**DATA FOR ANALYSIS:**
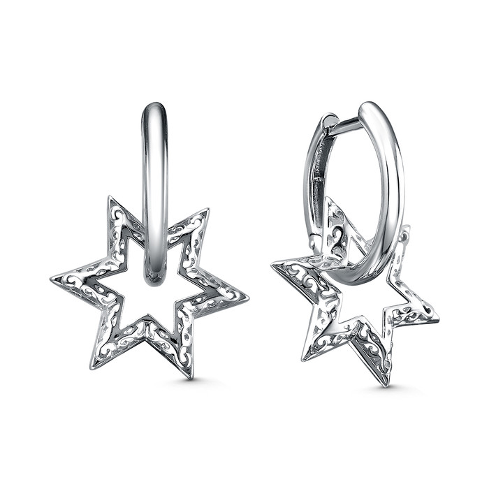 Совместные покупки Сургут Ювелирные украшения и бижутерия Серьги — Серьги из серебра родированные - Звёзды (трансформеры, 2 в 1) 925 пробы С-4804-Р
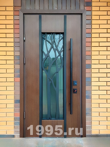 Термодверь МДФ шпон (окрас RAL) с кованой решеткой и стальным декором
* * *
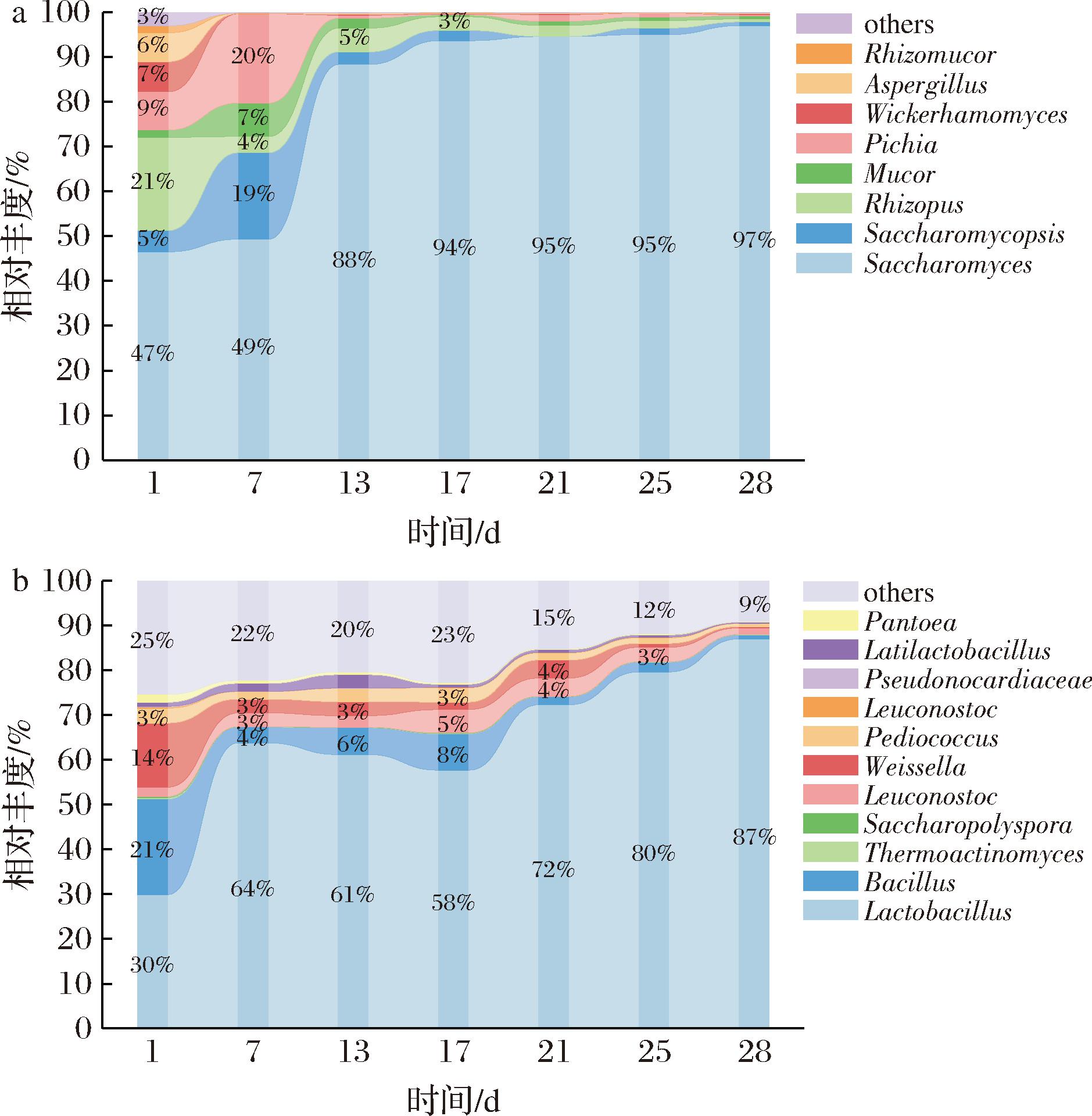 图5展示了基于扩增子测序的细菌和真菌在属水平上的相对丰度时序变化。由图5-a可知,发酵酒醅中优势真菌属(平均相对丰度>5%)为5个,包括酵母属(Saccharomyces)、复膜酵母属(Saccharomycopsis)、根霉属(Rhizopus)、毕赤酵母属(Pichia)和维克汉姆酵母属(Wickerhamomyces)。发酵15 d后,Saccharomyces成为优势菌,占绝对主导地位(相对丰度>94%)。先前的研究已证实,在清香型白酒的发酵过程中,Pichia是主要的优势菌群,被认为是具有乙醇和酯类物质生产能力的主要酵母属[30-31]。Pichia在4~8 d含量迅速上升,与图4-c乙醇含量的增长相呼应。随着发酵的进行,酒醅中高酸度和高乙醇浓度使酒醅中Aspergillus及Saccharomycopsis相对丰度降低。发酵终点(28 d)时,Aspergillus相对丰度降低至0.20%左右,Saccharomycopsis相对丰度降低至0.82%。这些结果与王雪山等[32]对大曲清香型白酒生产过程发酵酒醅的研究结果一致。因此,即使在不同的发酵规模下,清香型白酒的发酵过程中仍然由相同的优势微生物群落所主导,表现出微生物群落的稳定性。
--
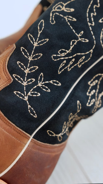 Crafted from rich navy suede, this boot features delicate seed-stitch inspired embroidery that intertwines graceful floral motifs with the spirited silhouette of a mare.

**EXERCISE INSTRUCTIONS:** Copy only what runs above from the line containing "Совместные покупки Сургут" through the line containing "Термодверь МДФ шпон", exactly. Leave out the pictures.

**RESULT OF THIS EXERCISE:**
 Совместные покупки Сургут Ювелирные украшения и бижутерия Серьги — Серьги из серебра родированные - Звёзды (трансформеры, 2 в 1) 925 пробы С-4804-Р
 Термодверь МДФ шпон (окрас RAL) с кованой решеткой и стальным декором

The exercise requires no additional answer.